I have used the dataset http://www.stata-press.com/data/r13/bangladesh to fit a mixed effects model to estimate the effect of urban (yes/no) on the use of contraception (c_use), allowing the effect to vary by district (i.e., a random slope model) using the following command:
melogit c_use urban || district:urban, noconstant
the default integration method is mean-variance adaptive Gauss-Hermite quadrature (mvaghermite) with 7 integration points. The estimates of the variance of the random effect and the fixed effect of urban I obtained from this command are different from fitting the same random slope model in R and SAS with the same integration methods.
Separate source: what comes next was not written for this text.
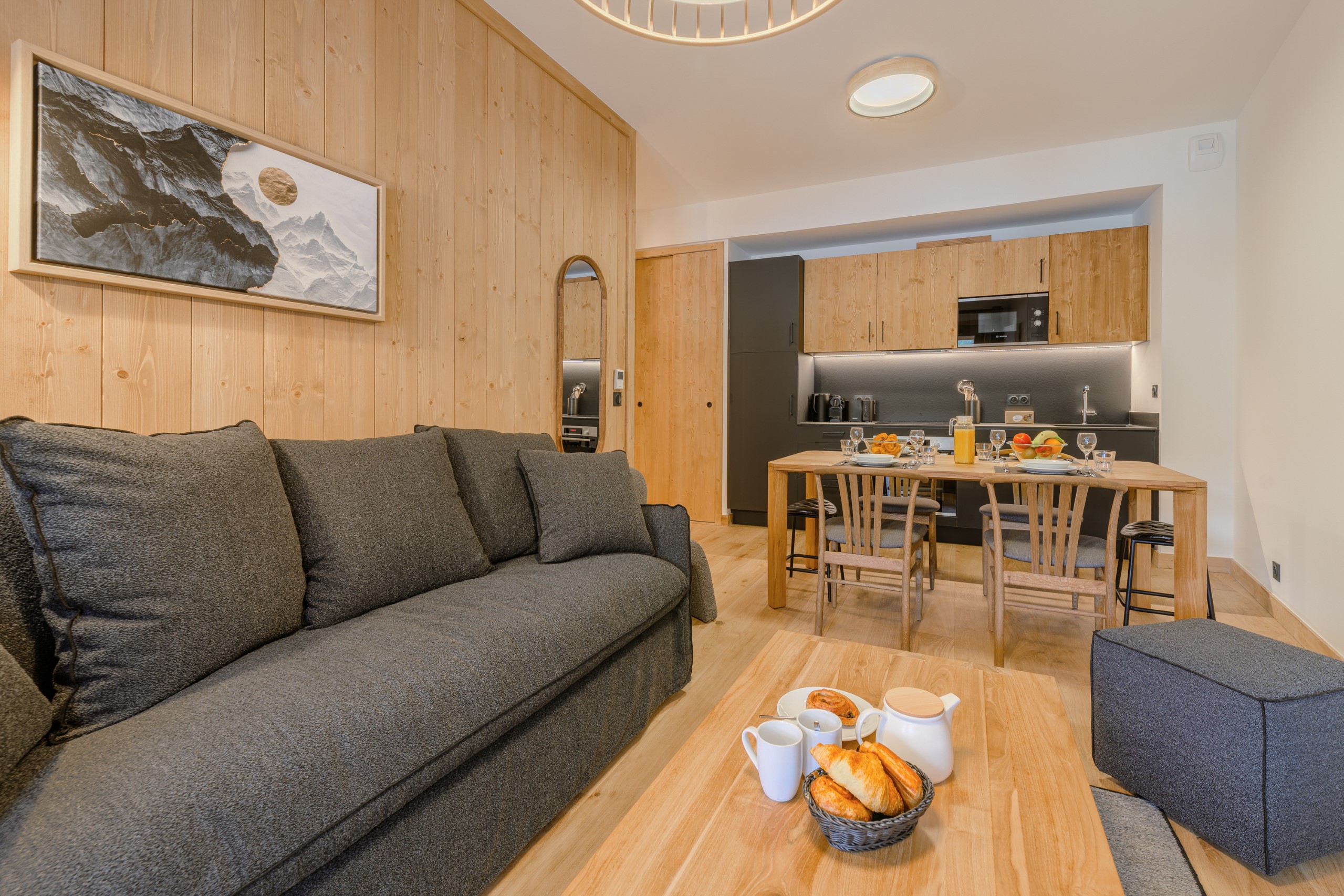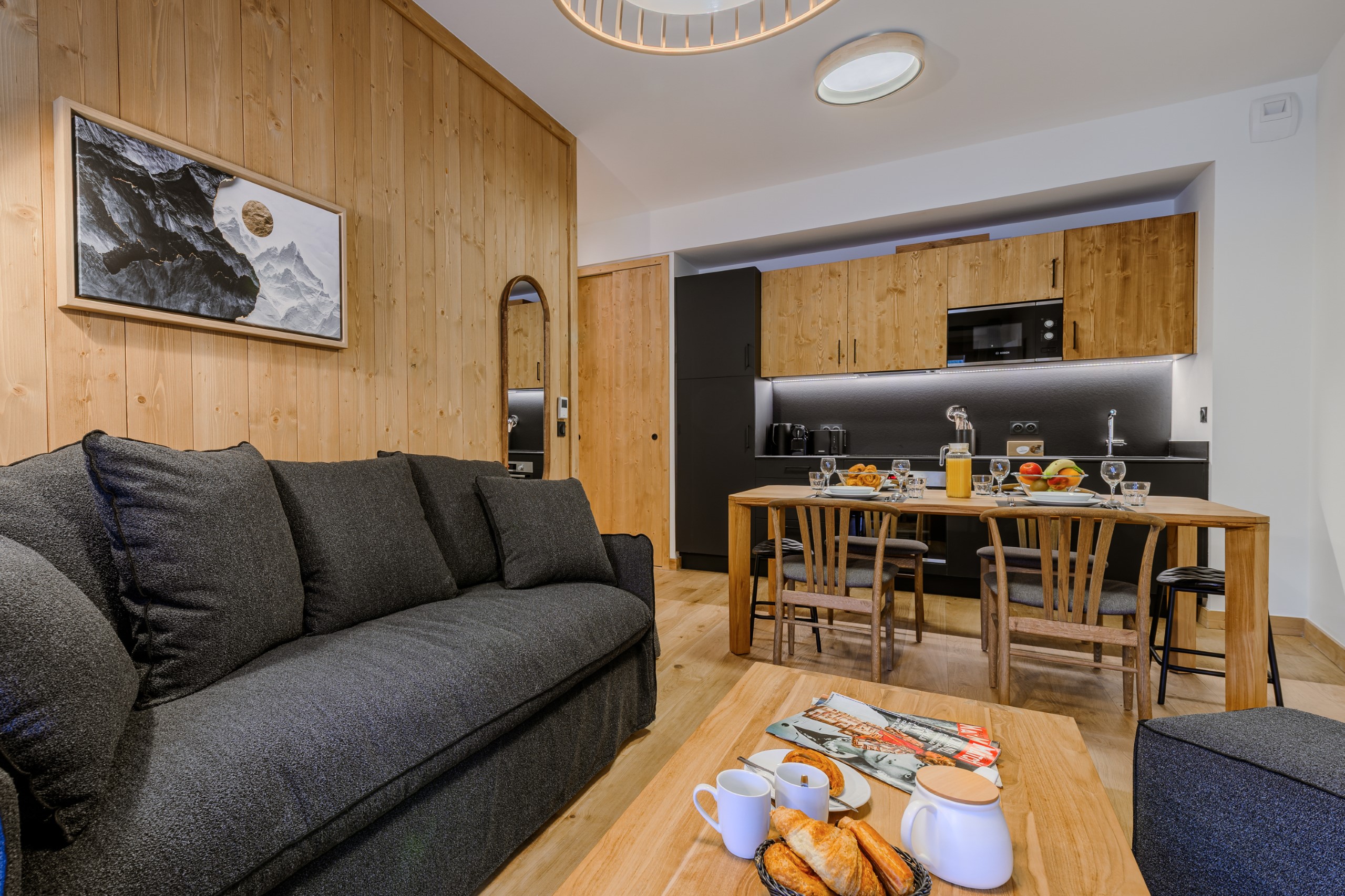 Alle appartementen zijn uitgerust met een woonkamer met een slaapbank (met uitzondering van studio's). Elk appartement heeft een flatscreen-tv met digitale televisie en een open keuken die volledig is uitgerust met een keramische kookplaat, oven, magnetron, vaatwasser, koelkast, koffiezetapparaat, broodrooster en waterkoker. U vindt er ook een complete set serviesgoed en bestek.
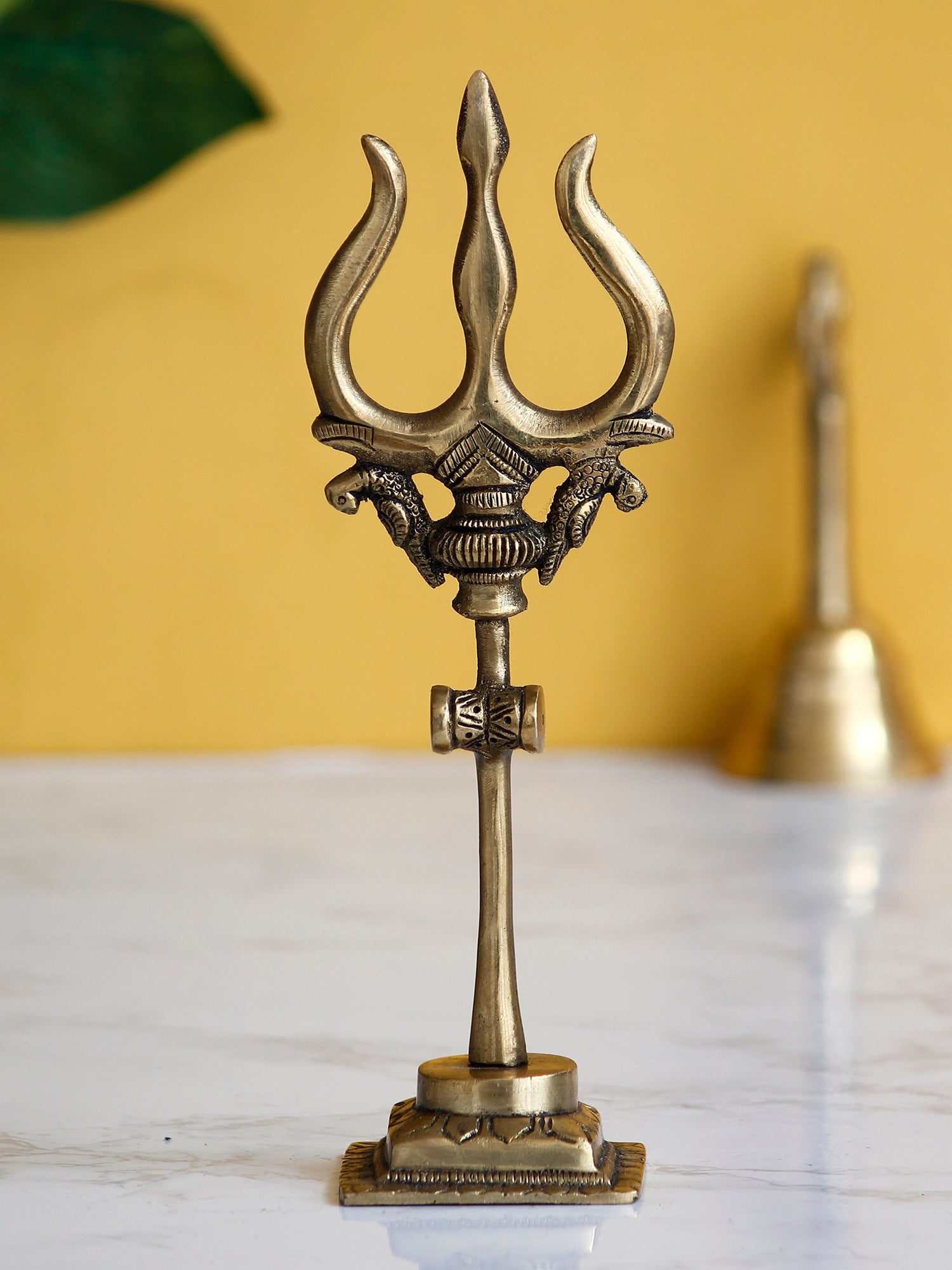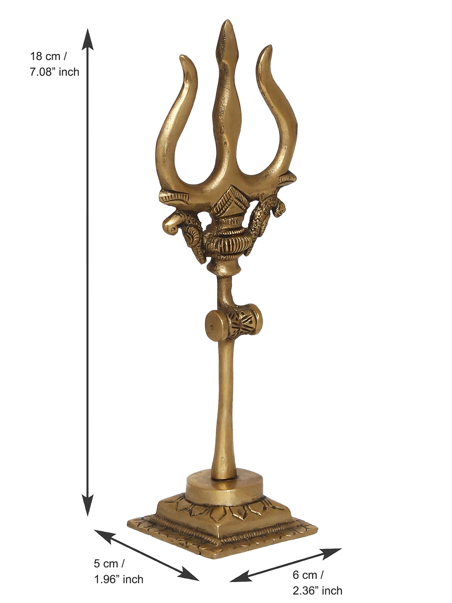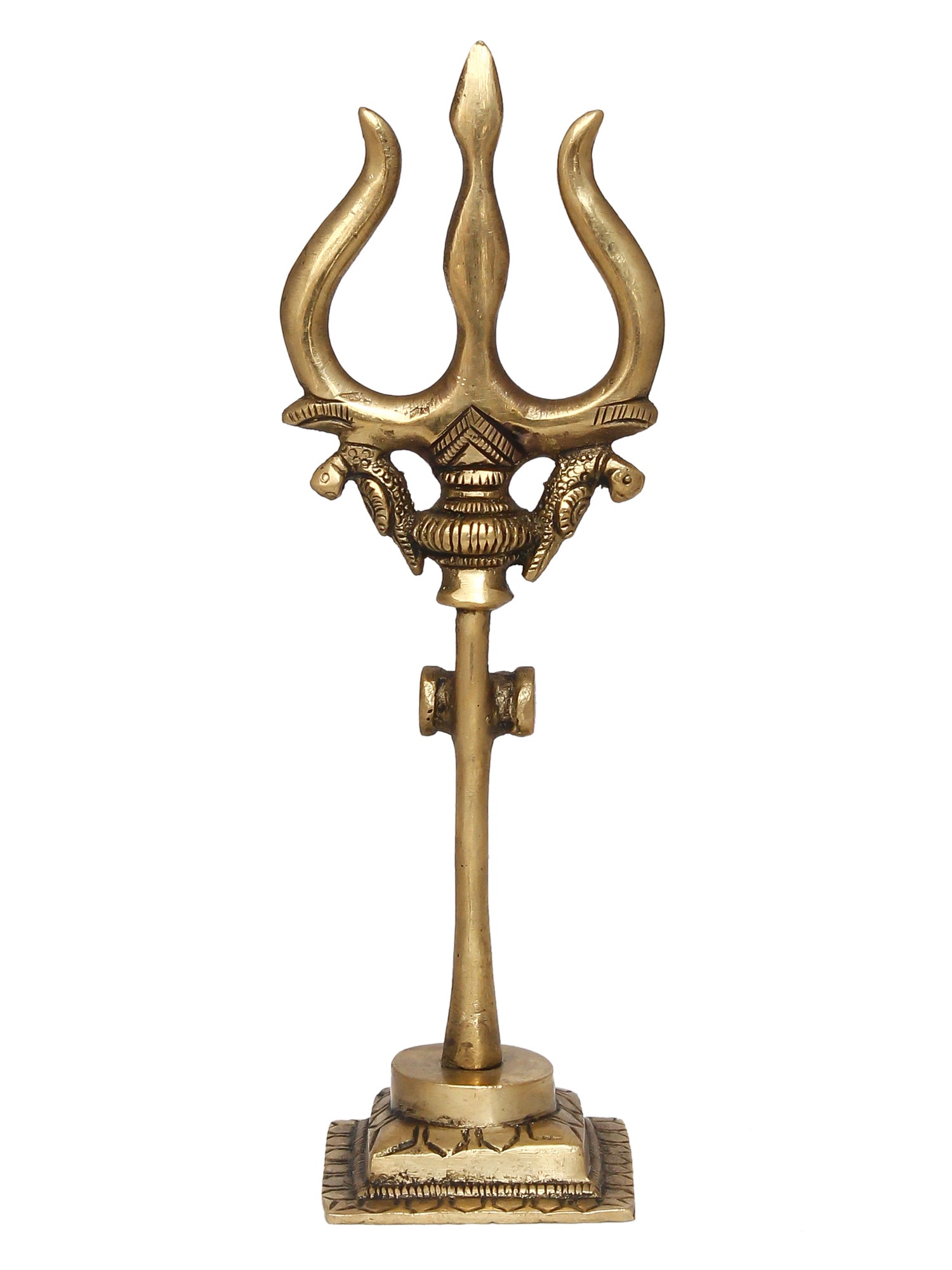 Product Description - Some are truly religious and some are deeply spiritual– it does not matter which category you belong to, our golden brass Trishul with Damru is sure to capture your attention. With only a Trishul and a damru attached to it, this is a handcrafted brass décor piece that will work not only for your home and personal space but also for your office. When you look at this Trishul, you will be reminded of the power of Lord Shiva, but in a more abstract form. This is also a nice gift for friends and family members and makes for a wonderful festival gift too. This showpiece is handcrafted intricately by our skilled artisans. You can find many more god idols and figurines in different avatars on our online portal in various colors that suit your home or office interior.

However when I used the following command the results from the three software package are exactly the same:
melogit c_use urban || district:R.urban
I will appreciate any helps to explain the different results I got in using these two commands. Also, why only the second command produced the same results as R and SAS.
Thank you.
Bei Chang
Tags: None
Scott Baldwin

Join Date: Apr 2014

Posts: 15
#2

01 Jul 2015, 21:30

Without seeing your SAS or R code, I can't know for sure. However, I suspect the differences you are seeing is that in SAS and R you've treated --urban-- like a factor variable. SAS calls them class variables.

The Stata code:

Code:

melogit c_use urban || district:urban, noconstant

treats --urban-- like a numeric value. In essence, you are fitting a random slope for urban but no intercept.

The Stata code:

Code:

melogit c_use urban || district:R.urban

treats --urban-- like a factor variable. To replicate the

Code:

R.urban

syntax manually, you can do the following:

Code:

tabulate urban, gen(dummy) melogit c_use urban || district:dummy1 dummy2, noconstant cov(id)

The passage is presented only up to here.